16. The method of any of the preceding claims, wherein as part of the separation step the data are regularized onto a regular sampling grid in time and or space.
17. The method of any of the preceding claims in which the transformed domain is selected from one of a Fourier transform domain, a Radon transform domain, a Gabor time- frequency domain, and a tau-p transform domain.
18. The method of claims 17 in which the corresponding transforms are replaced by their respective
representations or mathematical equivalents in
corresponding transformed domains in the space and or time domain.
19. The method of any of the preceding claims in which the computations in the modelling and or inversion steps are done using fast solvers.

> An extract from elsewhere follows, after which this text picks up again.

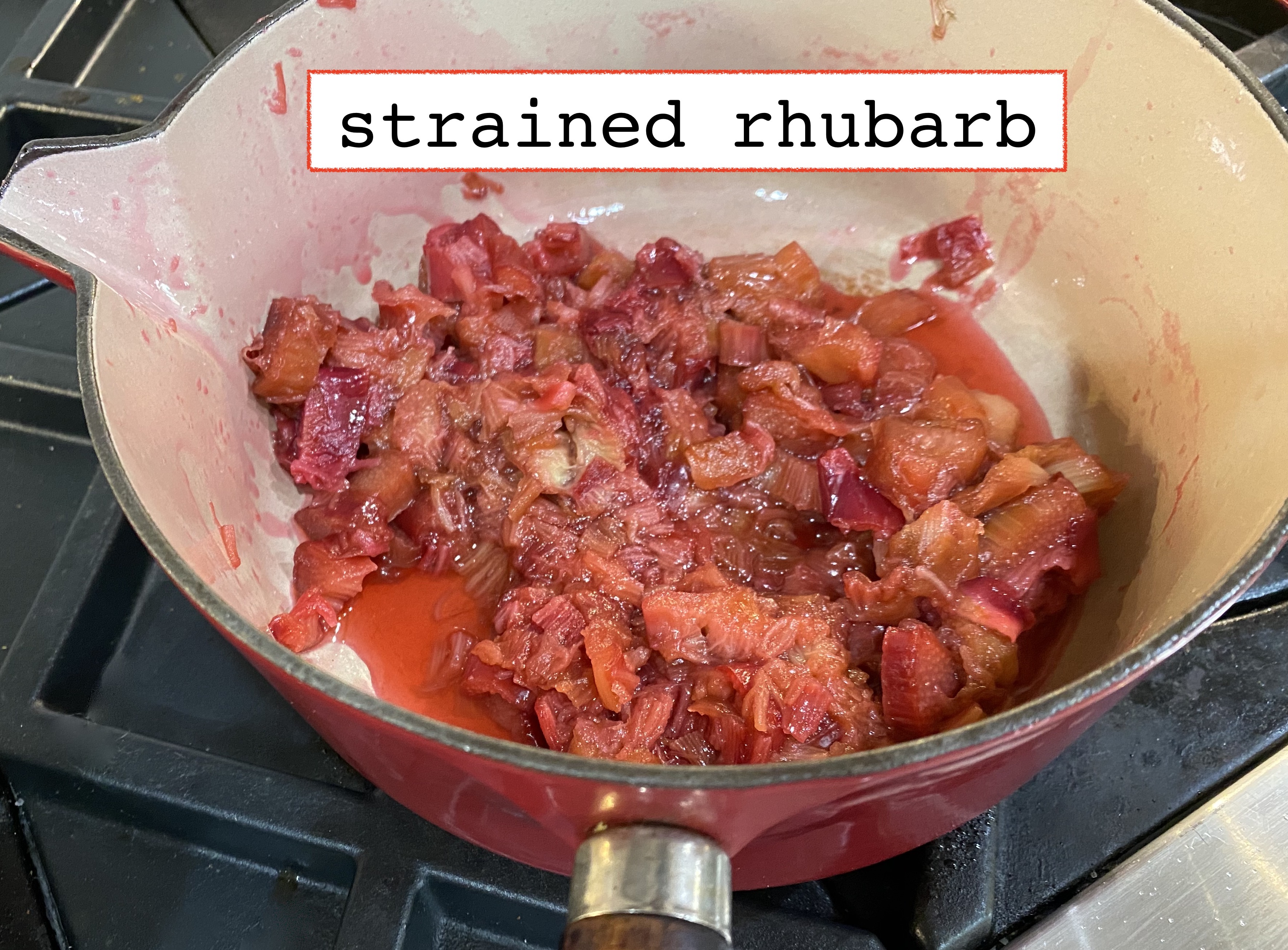 Start with cooking the rhubarb in a pot with sugar and water, then strain it into a bowl to end up with something like this:

20. The method any of the preceding claims, where the obtained wavefield signals consist of or comprise
multiple components.
21. The method of claim 20, where one or more of the multiple components is/are modeled and inverted to separate a contribution independently.
22. The method of claim 20, where two or more of the multiple components are modeled and inverted to separate a contribution jointly.
23. The method of claim 21, where one or more of the multiple components is/are modeled and inverted to separate a contribution using information derived from one or more of the other multiple components.
24. The method of claim 20, where one or more of the multiple components are combined before one or more products of the combination are modeled and inverted to separate a contribution.
25. The method of claim 23, where the information derived from one or more of the other multiple components consists of or comprises local directionality
information .
26. The method of claim 25, where local directionality information is determined jointly from two or more of the multiple components.
27. The method of 24, where the combination of the one or more of the multiple components consist of or comprises one or more of: a wavefield separation step, a deghosting step, a redatuming step, a polarisation filtering step, a multi-channel processing step.
28. The method of any of the preceding claims applied to land seismic data, marine seismic data, seabed seismic data, permanent monitoring seismic data, time-lapse seismic data, transition zone seismic data or borehole seismic data with (near) surface or downhole placed receivers and/or sources such as VSP, 3D VSP, or
distributed acoustic sensing seismic data.